Quantitative frequencies were used descriptively to illustrate distributional patterns across outlets, complementing the qualitative interpretation. Table 1 summarizes the five dominant thematic clusters. To address the ideological variance, the table breaks down the prevalence of each frame by outlet, highlighting the polarized nature of the coverage.
Dominant Thematic and Moral Frames.
Table 1 summarizes the five dominant thematic clusters and their associated moral framings identified through the coding process.
To complement the large-scale mapping, 20 representative texts were selected for in-depth discourse analysis following Fairclough’s (2003) three-dimensional model. This close reading focused on tone, metaphor, intertextuality, and narrative construction, exploring how Musk and Trump were positioned within wider ideological and geopolitical discourses. The combination of systematic coding and interpretive analysis thus provides both breadth and depth, illustrating how Turkish media transform Elon Musk and Donald Trump into symbolic instruments for articulating national identity, ideological orientation, and competing visions of modernity.

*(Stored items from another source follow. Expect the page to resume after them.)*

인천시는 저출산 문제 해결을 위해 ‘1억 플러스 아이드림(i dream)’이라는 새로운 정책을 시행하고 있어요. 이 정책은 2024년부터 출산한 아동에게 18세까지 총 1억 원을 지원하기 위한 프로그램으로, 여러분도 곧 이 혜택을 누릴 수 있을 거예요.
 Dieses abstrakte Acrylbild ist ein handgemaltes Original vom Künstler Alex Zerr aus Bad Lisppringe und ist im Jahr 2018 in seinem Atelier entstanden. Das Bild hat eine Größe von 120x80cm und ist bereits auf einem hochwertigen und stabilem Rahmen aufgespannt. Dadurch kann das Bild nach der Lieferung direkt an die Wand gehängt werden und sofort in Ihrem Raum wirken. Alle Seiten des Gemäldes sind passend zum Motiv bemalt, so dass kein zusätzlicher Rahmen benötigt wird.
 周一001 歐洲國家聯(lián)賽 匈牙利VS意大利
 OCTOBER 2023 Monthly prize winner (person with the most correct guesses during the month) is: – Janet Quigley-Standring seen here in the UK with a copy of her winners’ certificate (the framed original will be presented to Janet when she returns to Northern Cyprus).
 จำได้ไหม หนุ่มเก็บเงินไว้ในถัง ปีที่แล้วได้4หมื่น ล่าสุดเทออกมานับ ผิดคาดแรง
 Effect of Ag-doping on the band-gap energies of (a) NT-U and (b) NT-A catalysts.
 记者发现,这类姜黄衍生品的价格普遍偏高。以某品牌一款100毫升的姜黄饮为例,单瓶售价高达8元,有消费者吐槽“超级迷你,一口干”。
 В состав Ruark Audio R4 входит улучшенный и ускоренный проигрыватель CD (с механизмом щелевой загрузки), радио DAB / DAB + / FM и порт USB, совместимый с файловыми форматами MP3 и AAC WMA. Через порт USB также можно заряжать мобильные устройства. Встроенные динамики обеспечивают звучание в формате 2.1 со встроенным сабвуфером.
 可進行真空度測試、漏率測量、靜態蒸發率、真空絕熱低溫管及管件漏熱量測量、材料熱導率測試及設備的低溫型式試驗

Framing Patterns Across the Corpus
The coding results demonstrate a markedly polarized representational landscape across the four newspapers. Quantitative coding frequencies indicate that 58% of the analyzed items adopted a positive or approving frame toward Elon Musk and Donald Trump, 33% employed a critical or oppositional frame, and 9% maintained a neutral or informational stance. Yet, these proportions were distributed unevenly across outlets, reflecting distinct ideological alignments. Yeni Şafak (83% positive) and Sabah (74% positive) consistently foregrounded themes of leadership, rationality, and visionary innovation, while Sözcü (72% negative) and Evrensel (88% negative) relied on irony, critique, and structural analysis. These quantitative patterns are consistent with the reliability-tested coding framework (Cohen’s κ = .84), confirming that the observed differences are not artifacts of coder bias but represent stable ideological distinctions within Turkish media discourse.
Before examining the discursive dimensions of framing, it is useful to establish the overall evaluative landscape. Table 2 summarizes how the 144 coded items distribute across positive, negative, and neutral framings, offering a quantitative snapshot of ideological polarization within Turkish print media. These proportions serve as the empirical foundation for the interpretive patterns discussed in the following sections.

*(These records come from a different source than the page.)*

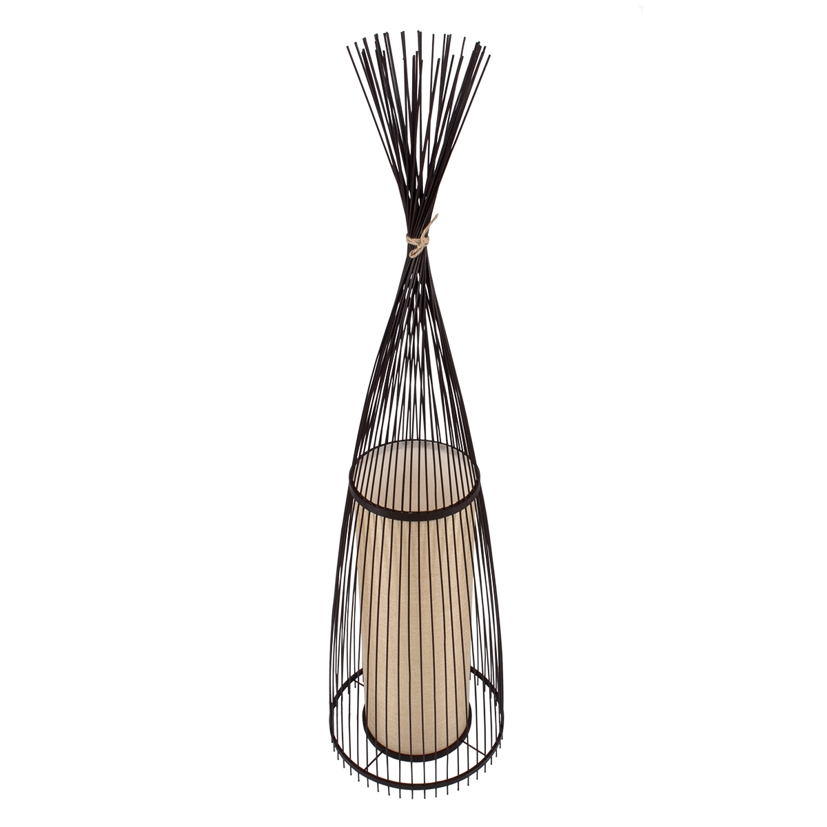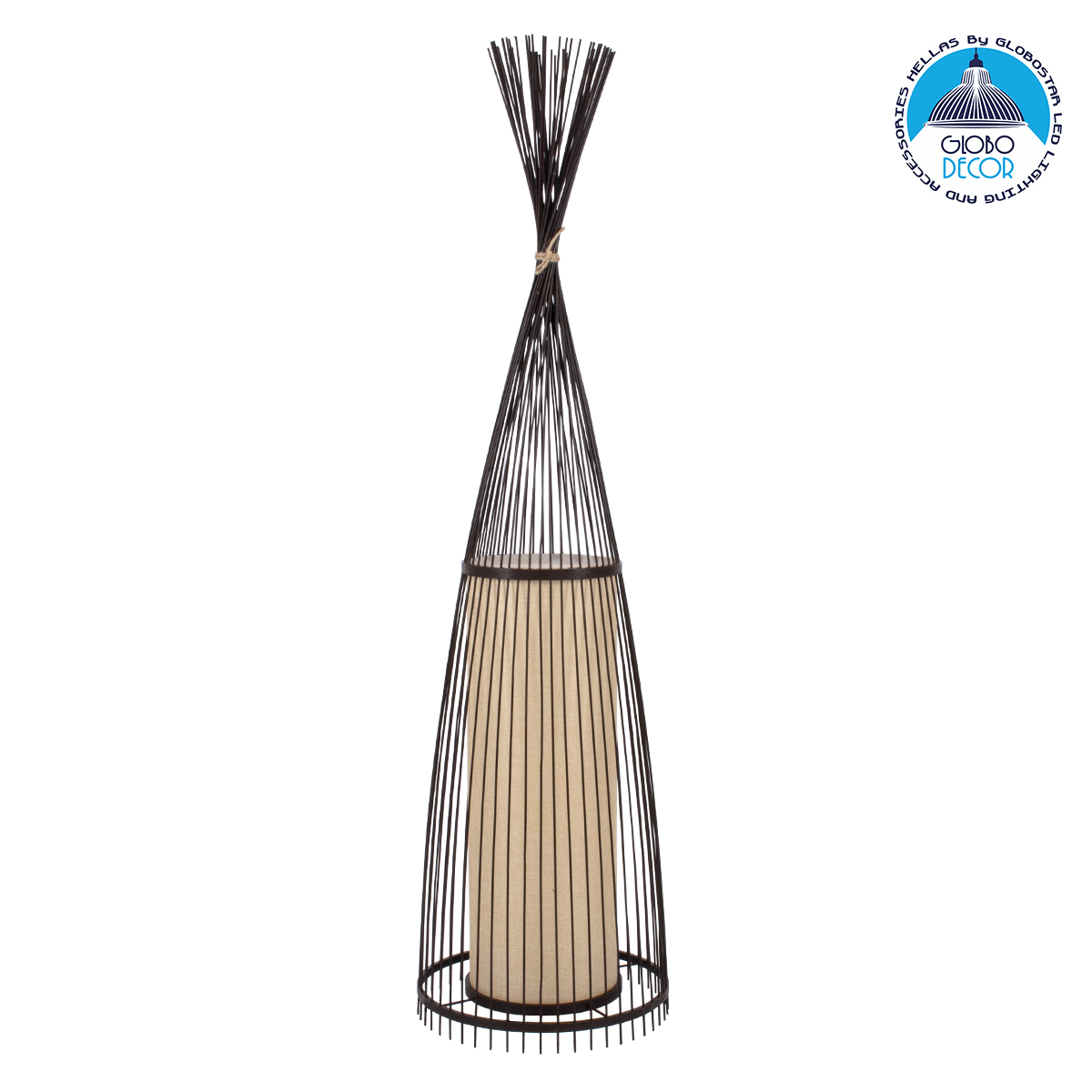 GloboStar® AZORES 01756 Μοντέρνο Φωτιστικό Δαπέδου Μονόφωτο 1 x E27 Καφέ Μπαμπού Πλέγμα D40 x H150cm
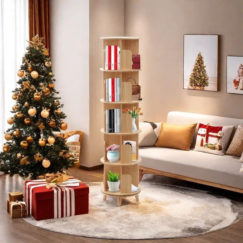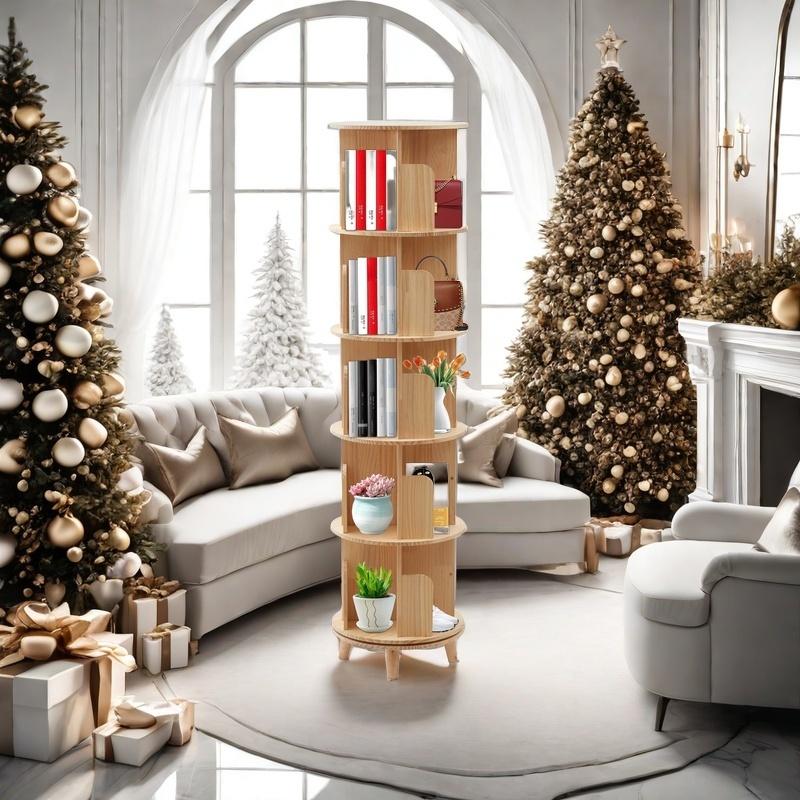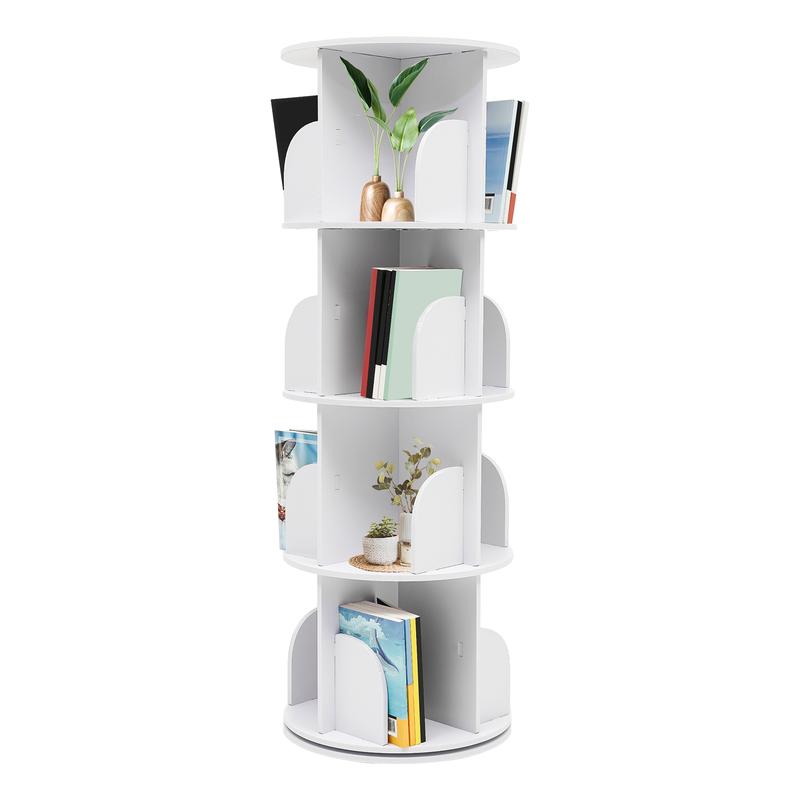 CNCEST Rotating Bookshelf Tower 360° Display Floor Standing Bookcase Bedroom Storage Rack Classroom Organizer Smooth Wooden Christmas Gift Home Decor - Tier: 5-Tier(White)
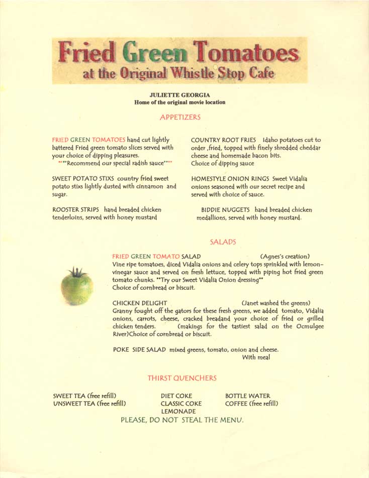Before the filming of Fried Green Tomatoes began, many of the buildings in Juliette were run-down and overgrown with ivy and vines. Needless to say, Hollywood gussied it up. If you pay attention, at the end of the film when Ninny returns to her home and finds it is not the quaint little town she remembers, you will see Juliette as it was before the clean-up and filming began. Today, the little town remains as it did during filming -quite picturesque and very Southern.
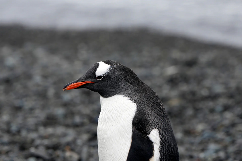 Задумчивый пингвин на пляже острова Кинг-Джордж в Антарктиде. Photograph: Jorge Sáenz/AP

Evaluative Orientation across Newspapers (n = 144).
Coding shows a strong ideological division consistent with Hallin and Mancini’s (2004) polarized pluralist model.

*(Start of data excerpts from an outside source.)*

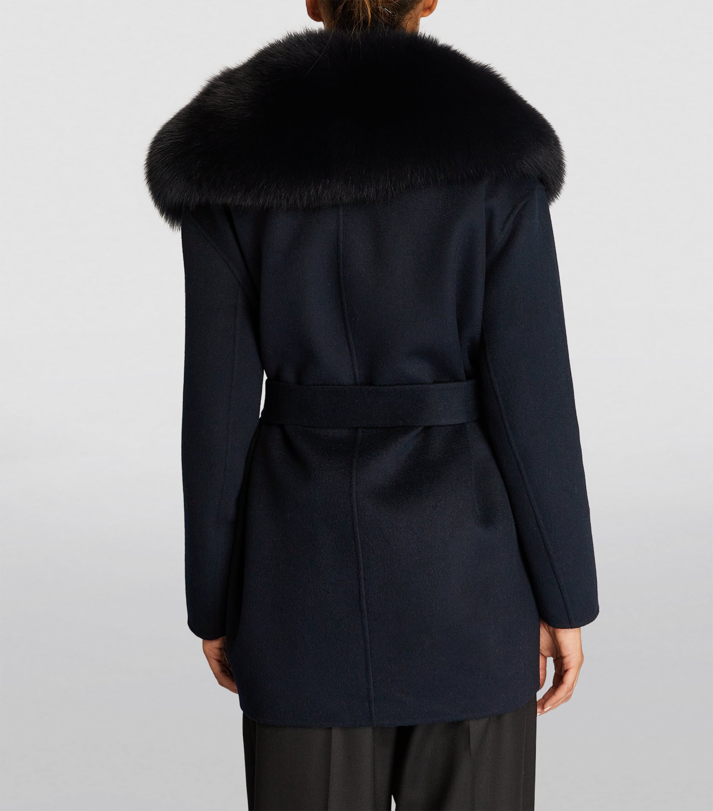 Yves Salomon Blue Wool-Cashmere Fur-Trim Coat
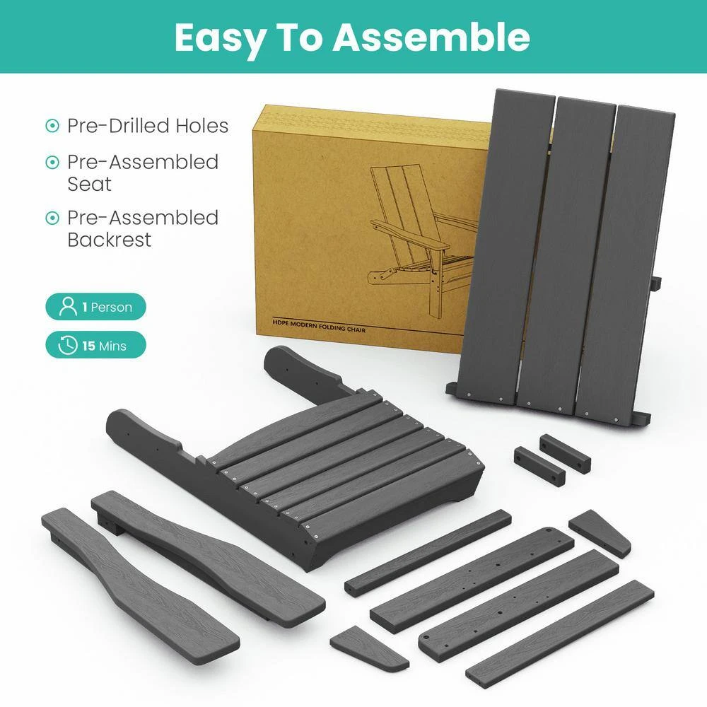 Gray Classic Folding HDPE Plastic Adirondack Chair
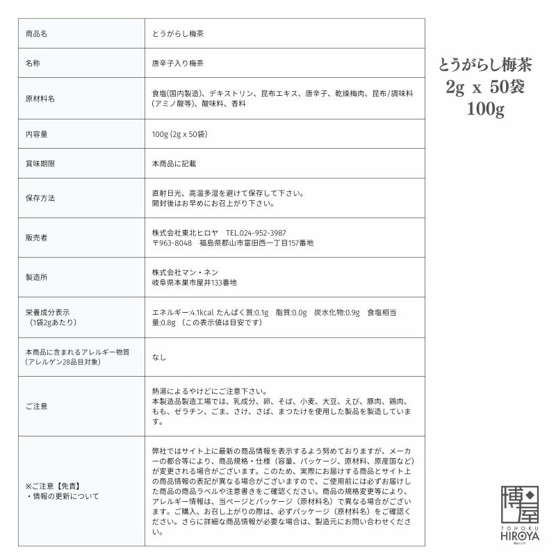 【カプサイシン効果】で体を温め、夏のクーラーや冬の寒さから守ります。ダイエット中や食欲のない時、パスタなどのお料理やお茶漬け、浅漬けなどにもおすすめです。 とうがらし梅茶 (2g x 50包) x 1袋~

This polarization reflects not merely divergent editorial orientations but what Van Dijk (1998) describes as distinct ideological grammars—discursive systems through which media reproduce group identities and worldviews. In the pro-government press, technological success functions as a moral and national signifier: innovation is equated with discipline, productivity, and faith in national modernization. In the oppositional press, by contrast, Musk and Trump are framed as embodiments of structural inequality and the spectacle of capitalism (Debord, 2024), their visibility exposing rather than resolving the contradictions of global power.
Frequency analysis also revealed five dominant thematic clusters across the corpus: technological leadership and innovation (31%), capitalism, economy, and labor (24%), politics and populism (18%), soft power and global relations (15%), and celebrity, humor, and eccentricity (12%). These categories often overlap, reflecting the hybrid nature of contemporary media discourse (Fairclough, 1995). Technology narratives frequently spill into political commentary, while humorous or sensational framing often operates as a vehicle for ideological evaluation. The coded data thereby affirm Entman’s (1993) contention that framing is never purely descriptive: each representation entails a moral prescription about power, virtue, and belonging. Through such evaluative framings, Turkish newspapers do not simply report on Musk and Trump but rearticulate broader struggles over modernity, legitimacy, and national identity.
From Technocratic Heroism to Capitalist Spectacle
Across the full corpus of 144 items, the representation of Elon Musk and Donald Trump oscillates between two dominant macro-frames: rational heroism and capitalist spectacle. These macro-frames, identified through the thematic and evaluative dimensions of the coding scheme, reveal the extent to which Turkish newspapers transform global figures into moral archetypes.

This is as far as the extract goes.